Roasted 7 months ago based on candelapauls's long term Spotify stats.
Candelapauls, it’s clear your taste in music is as confused as your Spotify algorithm must be. With genres like "Neoperreo" and "Hyperpop," it's like you took a musical journey through a paint store, high on fumes, and decided every color reminded you of a club you can’t get into. I mean, if your playlist were a personality, we’d have a chaotic chihuahua or a rave enthusiast who just discovered TikTok—excitable, yet entirely out of control! Your top artists read like the lineup of a hipster music festival that no one asked for—where the only VIP is you, sitting in the corner, pretending you know what “Art Pop” really means. Honestly, your love for Latin Trap is sweet and all, but the crazy part is that you haven’t yet realized these artists are just one “bop” away from needing a notification for an intervention. Bad Gyal and Young Miko might just as well be your dainty avatars, winking back at the fact that your music phase is stuck in that edgy middle school phase we hoped you grow out of by now.
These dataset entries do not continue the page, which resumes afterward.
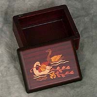 Two inlaid ducks on a pond adorn the lid of this beautiful wood box which is finished in a lustrous dark lacquer. Style LBX022
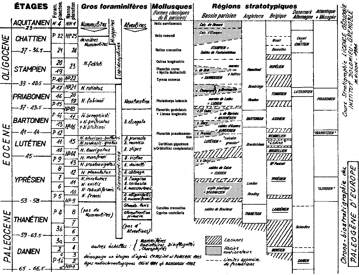 | Étages et âges "absolus" | Limitations et difficultés des datations chiffrées. Valeur des datations proposées. |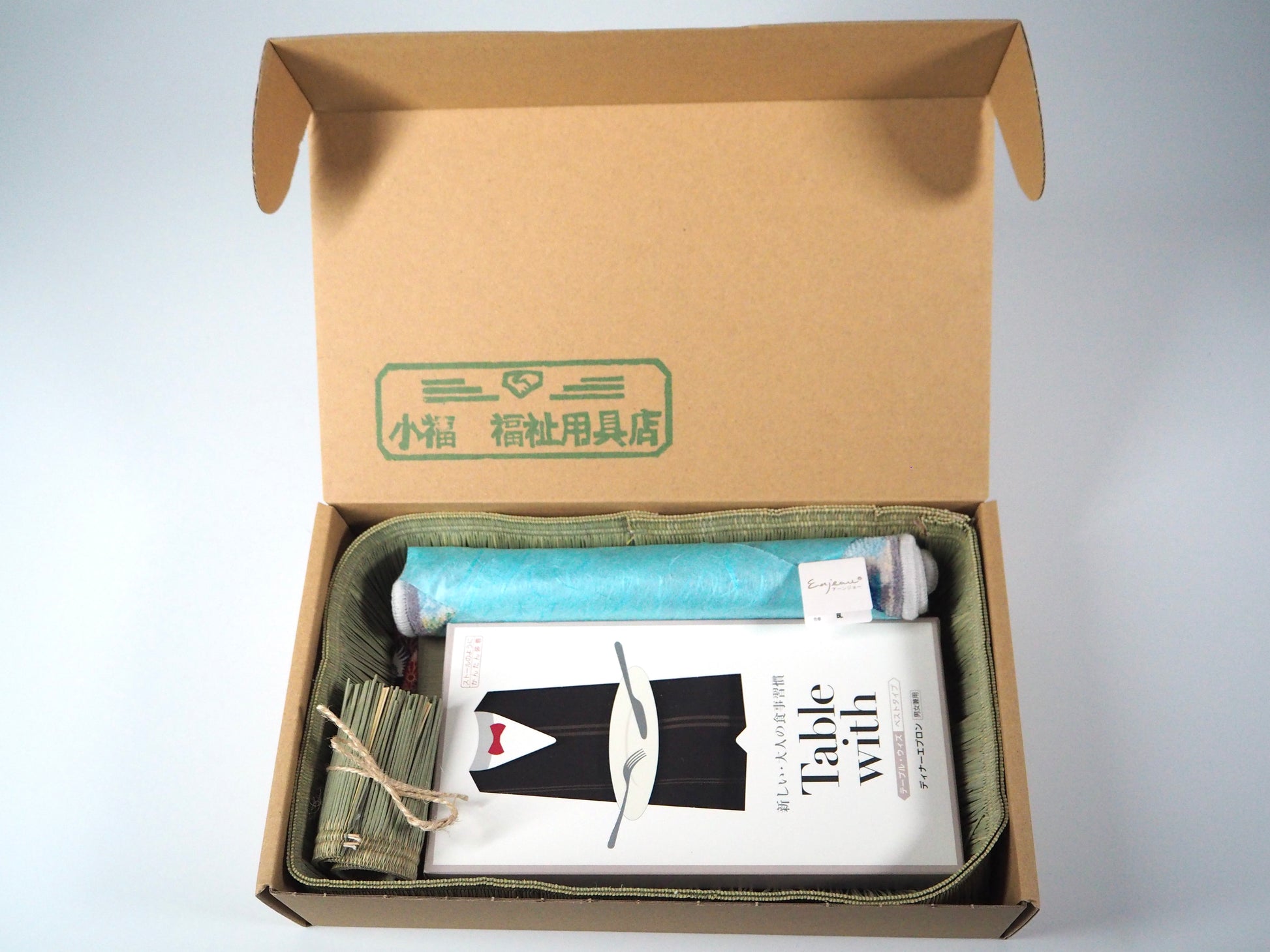 结合 Footmark 的围裙“Table with”和雪尼尔手帕“Enjeau”,它将以精美的包装交付。

Speaking of your most played songs, if we saw your Spotify history in a court of law, it would be a solid case for a cringe-worthy midlife crisis that’s happening a bit too early. “Ride Or Die, Pt. 2?” More like “Cringe Or Cry, Pt. 1.” With a tracklist like this, I can only assume you dance like you’re auditioning for the role of “That One Person Who Sucks at Parties.” It’s a minefield of sounds where fun goes to die. So keep on jamming, Candelapauls, but maybe invest in a mirror now and then; it'll help you see the real music and not just what’s trendy or bizarre enough to make your friends question your sanity!
Roasts are purely for fun and entertainment. They're not meant to be taken seriously. Enjoy the laughs, but remember your music taste is uniquely yours!